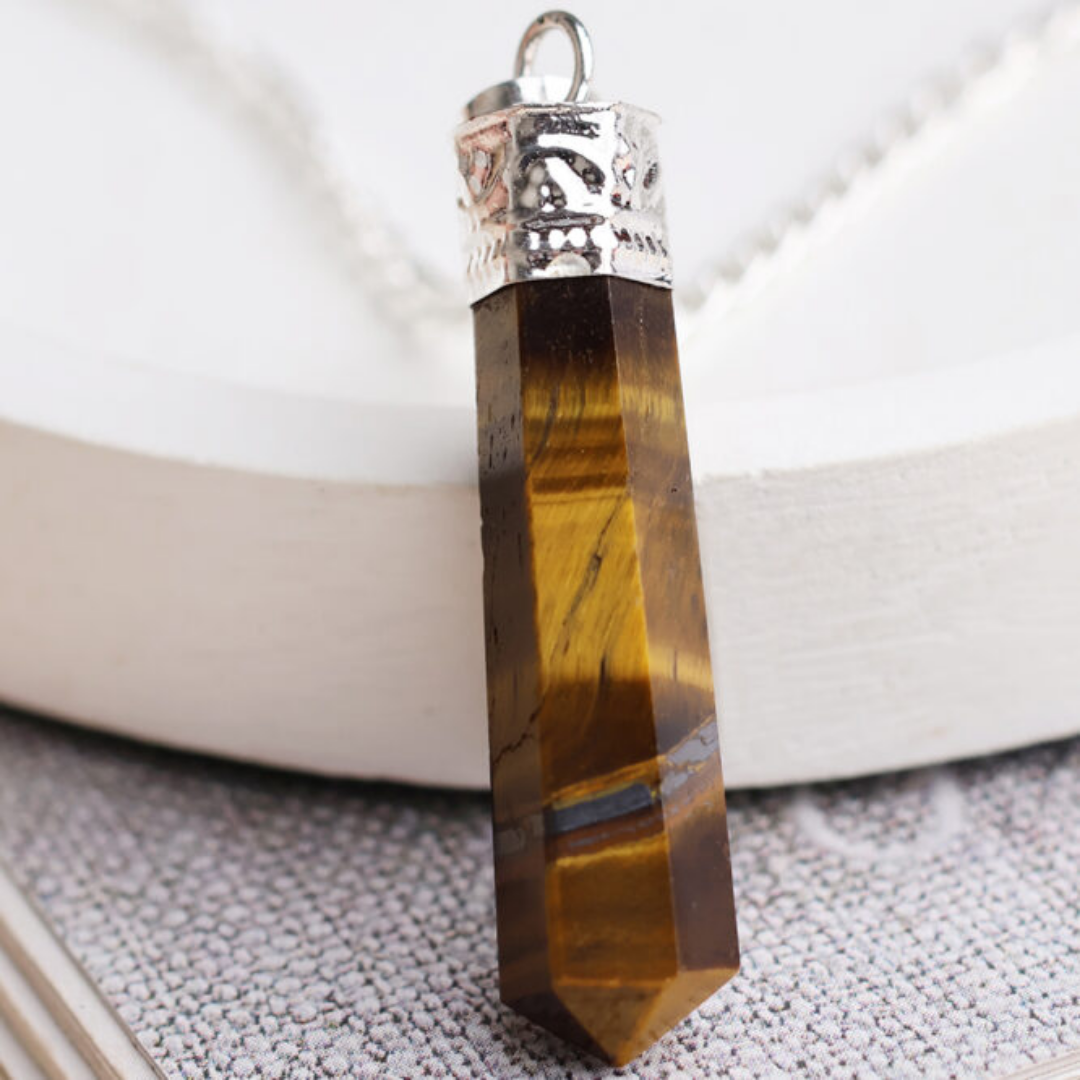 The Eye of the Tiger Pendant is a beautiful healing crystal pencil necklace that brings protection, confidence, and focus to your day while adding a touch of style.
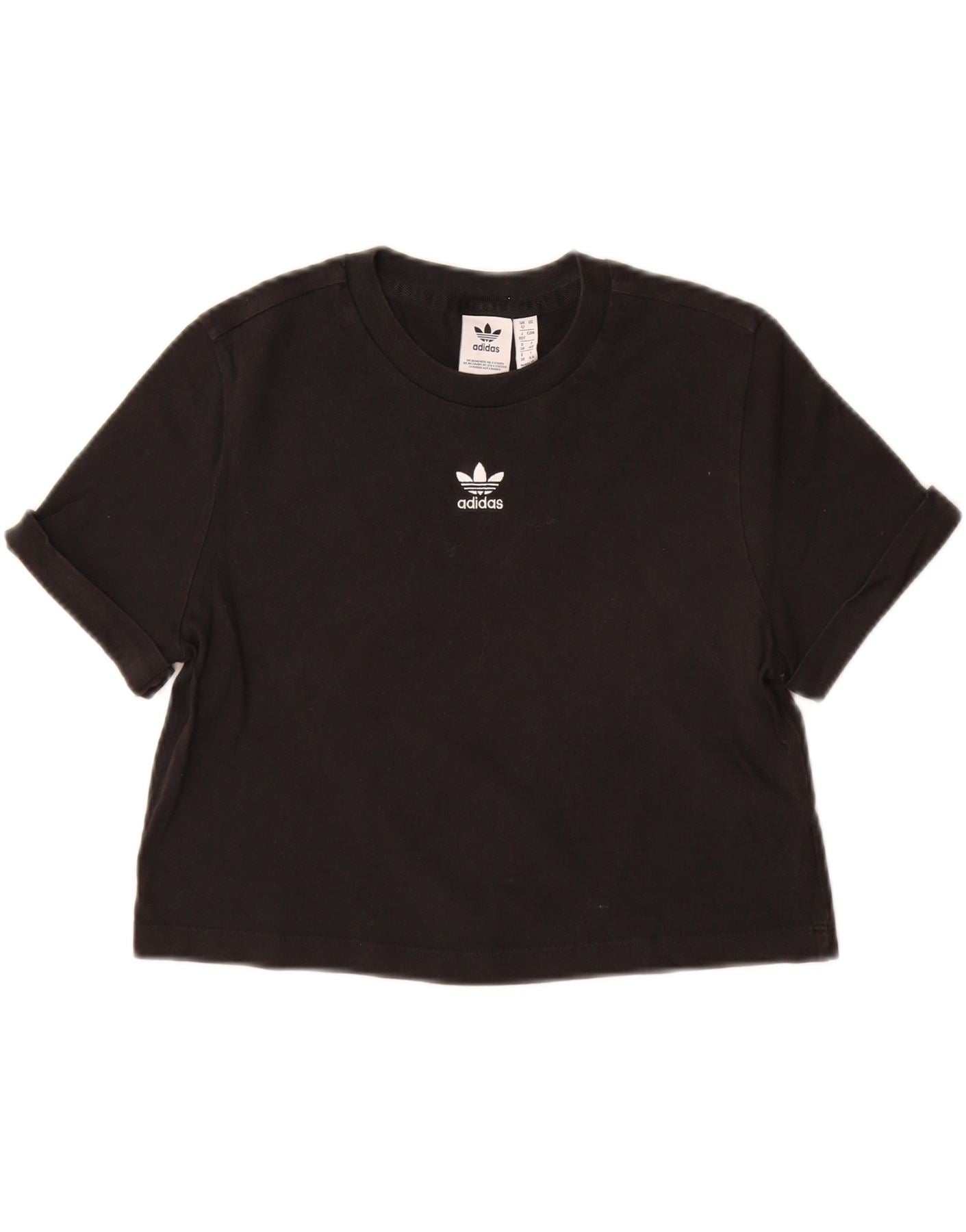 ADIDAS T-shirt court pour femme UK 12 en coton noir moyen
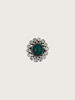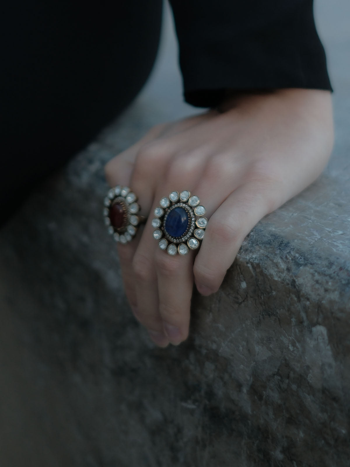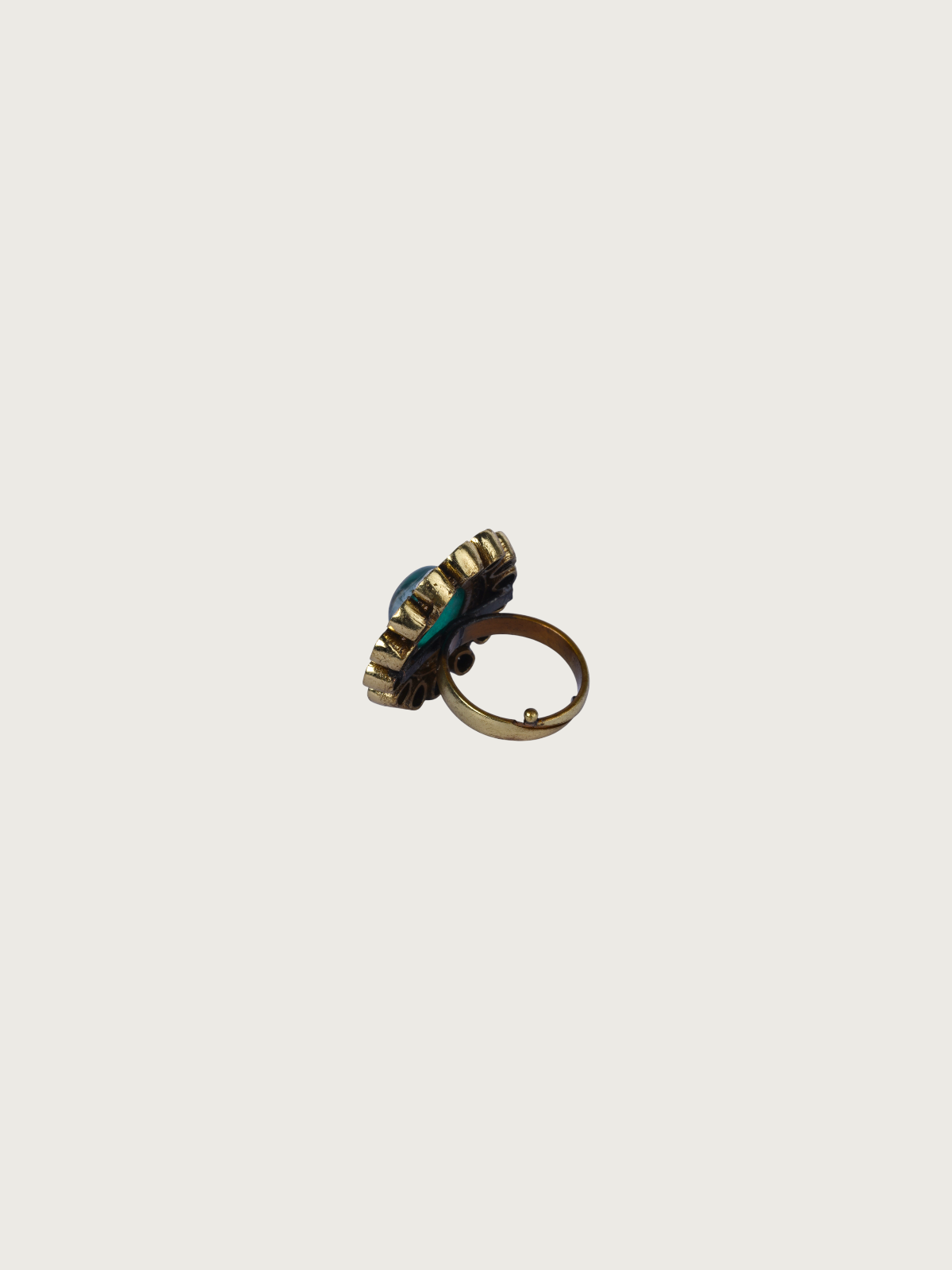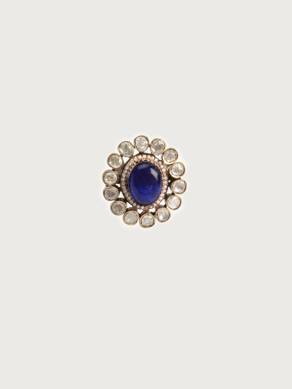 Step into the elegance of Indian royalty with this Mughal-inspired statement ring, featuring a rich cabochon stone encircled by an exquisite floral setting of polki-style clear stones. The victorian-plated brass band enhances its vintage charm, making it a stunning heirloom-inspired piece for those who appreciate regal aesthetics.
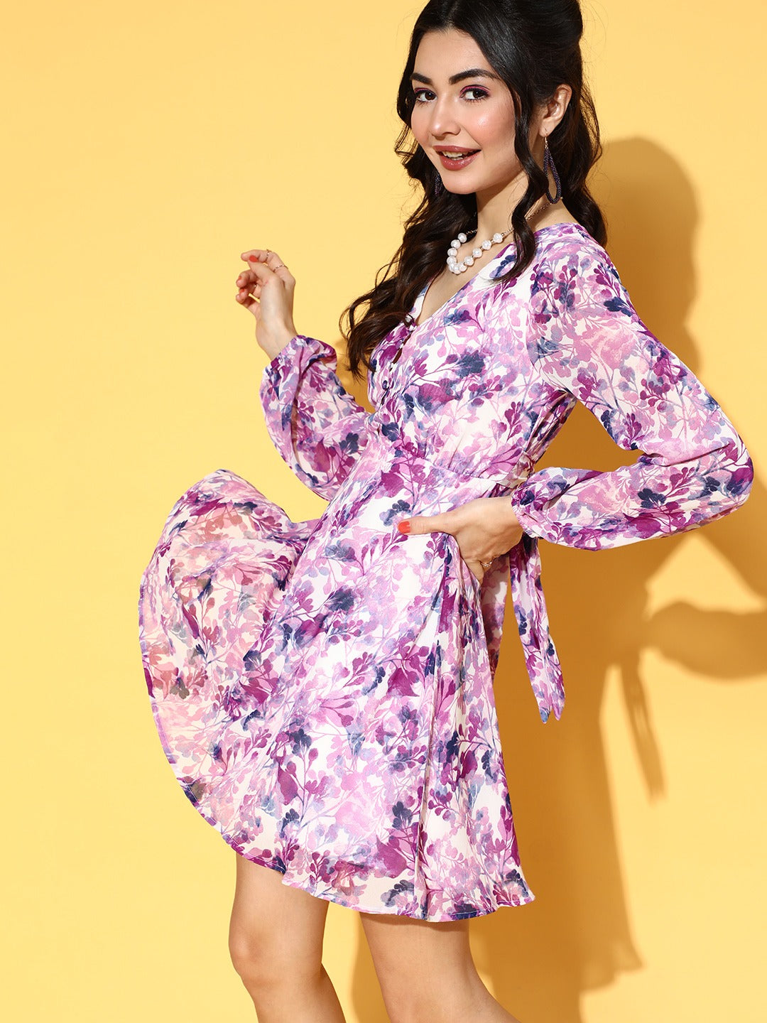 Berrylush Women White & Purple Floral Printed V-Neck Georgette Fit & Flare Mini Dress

▶ Work instructions
Transcribe all data precisely. Pictures are not copied.

▶ Task answer
 The Eye of the Tiger Pendant is a beautiful healing crystal pencil necklace that brings protection, confidence, and focus to your day while adding a touch of style.
 ADIDAS T-shirt court pour femme UK 12 en coton noir moyen
 Step into the elegance of Indian royalty with this Mughal-inspired statement ring, featuring a rich cabochon stone encircled by an exquisite floral setting of polki-style clear stones. The victorian-plated brass band enhances its vintage charm, making it a stunning heirloom-inspired piece for those who appreciate regal aesthetics.
 Berrylush Women White & Purple Floral Printed V-Neck Georgette Fit & Flare Mini Dress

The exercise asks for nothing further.